«Скоро гнев Божий снидёт на Россию, и как начнётся междоусобие, тут-то и увидят все, от первого до последнего». Меншикову два раза перечитали это – почуял нечто недосказанное. Ушакову, начальнику Тайной канцелярии, сказал:
   – Что увидят? Прощупай!
   Имеются и другие странности в речах Федоса. Угрожал её величеству, есть свидетели. «Трусит она и ещё будет трусить, малость только подождать…» Донёс Феофан Прокопович, свидетель надёжный.
   Как понять?
   Ополоснутый водой из ушата, Федос выдавил – нагрянут-де к нам австрийцы, прорва денег у них, то цесарское жалованье для партии царевича. Откуда ему, Федосу, сие известно? Стало быть, сам в той партии состоит. Кто же сообщники? Что против её величества умышляли? Жечь его, кнутом лупить, терзать до полусмерти, покуда не скажет.
   И ещё вопрос… Колет язык светлейшему, будто самого пытают. Может, умирающий царь нечто Федосу изрёк – на исповеди либо в иной момент, наедине… Другое решение насчёт передачи престола. Чем он, Федос, и пугать намеревался царицу, шантажировать, дабы церковь святую подмять.
   Вопрос обоюдоострый, страшный… Стены толстые, глушат и вопли, но слишком много ушей. Генерал тут, палач, подручный его, истопник. Да что бы ни ответил арестант, раз ты спросил, значит, имеешь сомнения. Нельзя, нельзя…
   Можно выгнать всех. Отвязать Федоса, освежить. Нет, это бес нашёптывает. Толку-то что? Грех любопытства Ну, судил фатер так и этак, обронил ненароком… Нет, незачем ворошить. Вдруг ослушались его – как жить тогда? Обманываем… Федос палачом обернётся, взглядом сразит.
   Нет, нет…
   А сам молчит. И ладно, пускай молчит об этом… Сболтнёт – не записывать. Слаб он, рассудок мутится, несёт нелепицу…
   Прямо из застенка, смыв копоть с лица и рук, светлейший поехал к царице. Застал её в хлопотах – шерстила царский гардероб, Растрелли восковую фигуру сделал, надо одеть.
   – Матушка! – воскликнул Данилыч. – Вспомни дорогой твой день! В чём он был тогда?
   Князь ещё гарью застенка дышал, вонью его и запахом крови. Ещё дым жаровни, в которой раскалялась пытошная снасть, ел глаза. И томило неспрошенное…
   – Федос признался. Пригрели мы, матушка, змею. Враждебен аспид, яд брызжет из него. Да кабы один, а то компания…
   Всеконечно, смерть заслужил. Угодно ли матушке утвердить? Узрел страх на лице самодержицы. Это и нужно.
   – Круто, Александр.
   – Так мы не здесь. По-тихому…
   Кивнула, перевела дух, рука вяло бродила по груди, ловила бусы – янтарь в золоте.
   – Большие бороды, матушка. Федос атаманом у них. На государя-то, на благодетеля как взъелся, ирод.
   Заговора в сущности нет. Под следствием духовные, виноватые тем, что дружили с митрополитом, знали кое-какие его проступки и не донесли. Их бы не тронули или, на худой конец, сместили – при обычной оказии. Но сия – не обычная. Всё ли вырвано пыткой у Федоса? Он-то теперь безвреден, катит под конвоем в ссылку. Приятелям, может, запало что от него…
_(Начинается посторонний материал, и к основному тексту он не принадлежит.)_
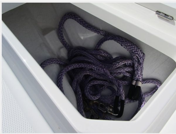
Stbd. Bow Hatch with Tow Bridle
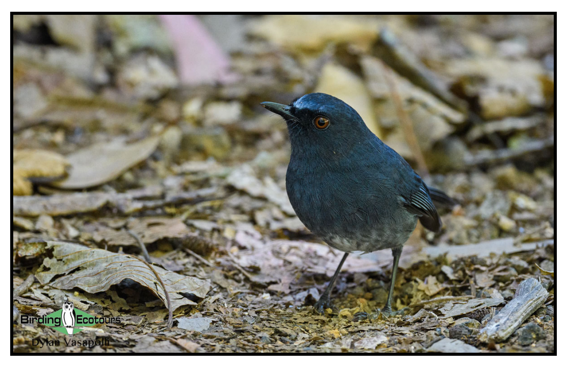
One of our targets in the Munnar area will be the often-secretive White-bellied Blue Robin.

   Корельский монастырь далеко от столицы, за Архангельском, у Белого моря. Туда Федоса в темницу, на хлеб и воду, разговаривать с ним не сметь. Между тем секретарь его Герасим Семёнов допрошен с пристрастием и казнён. Под арестом вице-президент Синода Иван Болтин, архиерей Варлаам Овсянников. Расспросные речи, пытошные речи… Если по ним судить, ничего нового, сильно отягчающего вину Федоса не открылось, но… Сломя голову помчался на север граф Мусин-Пушкин с инструкцией из высочайших уст. Проживание бывшего архипастыря, государственного преступника, даже на хлебе и воде, в зловонном подвале сочтено излишним. Исполнено по-тихому, без ведома и участия монастырской братии.
   Потомки будут гадать – что за секрет унесли обвинённые и покаравшие. И был ли секрет? Тело Федоса велено зачем-то везти в Петербург, с дороги вернули наскоро похоронили.
   По-тихому же…
 
   Восковая фигура помещена в Зелёном кабинете, где царь часто отдыхал, разглядывая раритеты – раковины из полуденных стран, засохших либо окаменелых монстров.
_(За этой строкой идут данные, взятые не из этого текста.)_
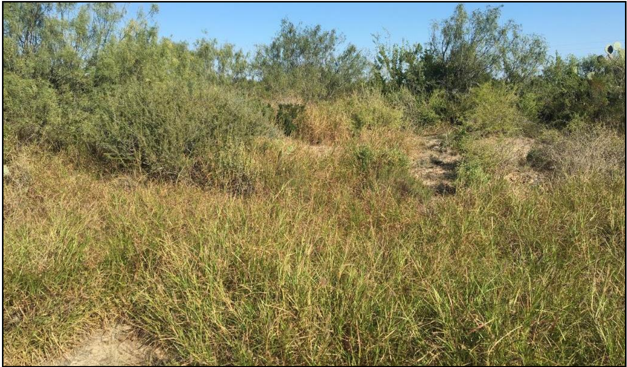
Figure 2-3. General view of Project Area, facing east

   Иногда её величество прерывает аудиенцию и, испустив печальный вздох, говорит:
   – Зовёт меня.
   Восковая фигура покоится перед письменным столом в кресле с прямой спинкой, изготовленном специально. Императрица садится напротив, как просительница. Если долго созерцать, глаза супруга теплеют. Щека начинает вздрагивать, будто сгоняет муху.
   Много налетает мух. Хочется встать, согнать самой. Но какое-то оцепенение лишает сил, приковывает к стулу. Это наваждение, оно дурманит так же, как кружка венгерского. Оно исчезнет, если нажать рычаг и фигура заскрипит слегка, поднимаясь.
   Нет сил.
   Фигура рукотворна – дерево, стекло, железо стержней, но где-то внутри вдруг начинает звучать его голос. Внимать ему, не шевелясь, не противясь. Он доволен ею. Он простил её грех с Монсом. Он не жалеет, что даровал ей венец самодержицы. Видел, как удавили Федоса, и одобряет.
   Мудрый, всевидящий…
   Поразила Александра, сказав, что торговля табаком должна быть свободная – царь настаивает. Пригласили Голицына. Президент Коммерц-коллегии почёл меру своевременной.
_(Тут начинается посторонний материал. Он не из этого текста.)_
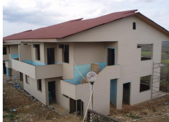
Fig. 8 Photo of the unit during the construction [33]

Beriköy is a project that which has been started by eleven architecture and engineering students in September, 1999 and, as Jan Wampler says, reflects a progressive approach. The group has worked for three months in order to determine the concept of the settlement and the first design ideas. In January, 2000 the projects have been brought to Turkey and opinions of some academician from Istanbul Technical University and various professionals have been 50 dwellings were planned; each dwelling living 60-90 square meters in two stories. Dwellings were coming together as a group of two or four units. In dwellings, balcony, sun roof and other facade options have been left to the users' preferences [34].

   В Зелёном кабинете царица подписывает указы, собирает консилии – восковая фигура присутствует. Изображает Петра Великого столь наглядно, что грубить друг другу, лаяться, громко спорить сановным неповадно. Замечено – даже светлейший ведёт себя поскромнее.
   – Государь император имел желание…
   Так Екатерина начинает обычно, и головы в париках невольно никнут. Седые парики, чёрные, каштановые. Спрятаны лица, спрятаны помыслы. Ещё не все дружки Федоса названы, схвачены, закованы.
   Большие бороды соблазняют и безбородых. Александр докладывает – арестован торговый человек Иван Посошков[320], в доме своём на Городовом острове. Родом из Новгорода, и там дом у него. Винные заводы в разных городах, угодья, деревни. Простолюдин, однако владеет крестьянами, за это одно подсуден.
   – Покровителя имел, матушка. Вестимо, кого… Треклятое имя, тьфу!
   Улик пока нет. Капрал Преображенского полка и четыре солдата вспотели, роясь в пожитках. Вороха книг и бумаги, чистой и исписанной, таскали в телегу. Сочинитель он – Посошков.
   – Полистать, так, верно, сыщется зацепка. Глаголы-то его окаянный печатал, вишь… столковались они давно. На чём – докопаемся.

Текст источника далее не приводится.